18. Kembali Pulang

245 21 2
                                    

Setiap manusia pasti pernah merasa berada di titik terendah dalam hidupnya. Bahkan saking lelahnya, untuk mengeluarkan air mata saja sudah tak sanggup.

Air mata seolah terkuras habis oleh pikiran yang berkecamuk banyak sekali hal.

Namun setiap bangun di pagi hari, dia selalu bersyukur karena masih diberi nafas oleh Tuhan.

Menurut Magara, merasakan apa yang namanya sedih adalah hal yang wajar karena hidup bukan tentang menerima kebahagiaan saja.

"Orang baik emang banyak cobaannya."

Itulah perkataan yang selalu ia gunakan untuk menguatkan dirinya sendiri.
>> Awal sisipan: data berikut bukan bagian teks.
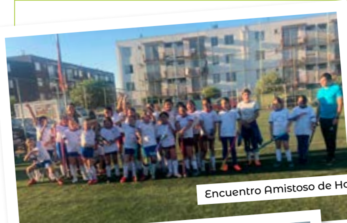
Encuentro Amistoso de Hockey
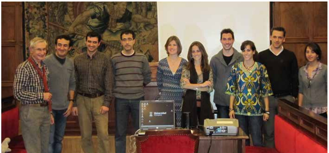
Premiados en la III Semana de la Cooperación para el Desarrollo.

21 a 24 de noviembre, en diversos edificios de la Universidad de Zaragoza
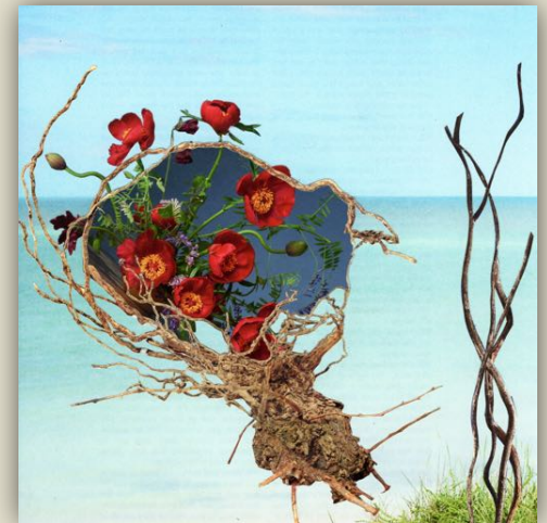
Je voudrais toujours te plaire – décembre 2017
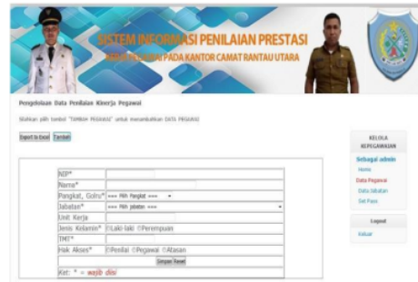
Gambar 2 Tampilan input Data Pegawai Halaman Admin

data Pegawai, langkah – langkah untuk memasukkan data Pegawai antara lain adalah, admin harus mengisi tabel input terlebih dahulu. Tabel input pegawai dapat di lihat pada gambar 4.11 berikut.

Kita tak akan pernah tahu bagaimana rasanya bahagia jika tidak pernah merasakan sedih.

"Apa aja yang udah dia lakuin selama ini?" Tanya Magara pada dirinya sendiri lewat pantulan cermin.

"Kenapa dia pikir kebahagiaan orang lain lebih penting dari kebahagiaan dirinya sendiri?"

Malam ini entah kenapa menjadi malam yang menyedihkan bagi Magara, mungkin karena dia sudah mencoba mengikhlaskan orang yang dia cintai untuk kakaknya sendiri.

Sesingkat apapun kisahnya dengan Yerin, yang namanya merelakan dan melepaskan tetaplah bukan suatu hal mudah.

Meskipun begitu, Magara yakin bahwa Yerin tak ditakdirkan untuknya dan dia akan segera mendapatkan orang yang jauh lebih baik.

Magara bukan untuk Yerin, dan Yerin bukan untuk Magara.

***

Pagi-pagi sekali di lorong sekolah, Magara tampak tengah mengejar Hariga yang sedari tadi berlari menghindarinya.

"Hariga, sebentar!" Panggil Magara yang sudah lelah mengejar adiknya itu.

Hariga memilih untuk abai karena ada alasan tertentu, dia selalu merasa kasihan pada Magara saat melihat bibir kakaknya itu tersenyum tetapi matanya sendu.

Sesungguhnya Hariga ingin Magara tinggal dirumahnya lagi, namun tak ada yang bisa ia lakukan.

Akhir-akhir ini setiap malam hari sebelum tidur Hariga selalu mengingat kenangan masa kecil Magara yang dimana dia selalu dimarahi oleh ayah dan ibunya ketika Hariga terluka.

"Hariga, tolong berhenti semenit aja!" Panggil Magara untuk yang kesekian kalinya.

Hariga pun menghentikan langkahnya walau ragu, lalu dia menghadap ke arah kakaknya.

"Selamat ulang tahun, Hariga!" Ucap Magara sembari memberi sebuah kado pada adiknya.

"Makasih." Ucap Hariga sebelum menerima pemberian dari kakaknya itu.

"Sebelum masuk ke kelas mau ngobrol dulu di belakang sekolah?" Tanya Magara.

Sebenarnya Hariga ingin menolak, tetapi ada sesuatu penting yang harus ia bicarakan hingga pada akhirnya Hariga mengangguk sebagai jawaban.


Dibelakang sekolah, ada satu buah kursi panjang yang saat ini diduduki oleh Magara dan Hariga.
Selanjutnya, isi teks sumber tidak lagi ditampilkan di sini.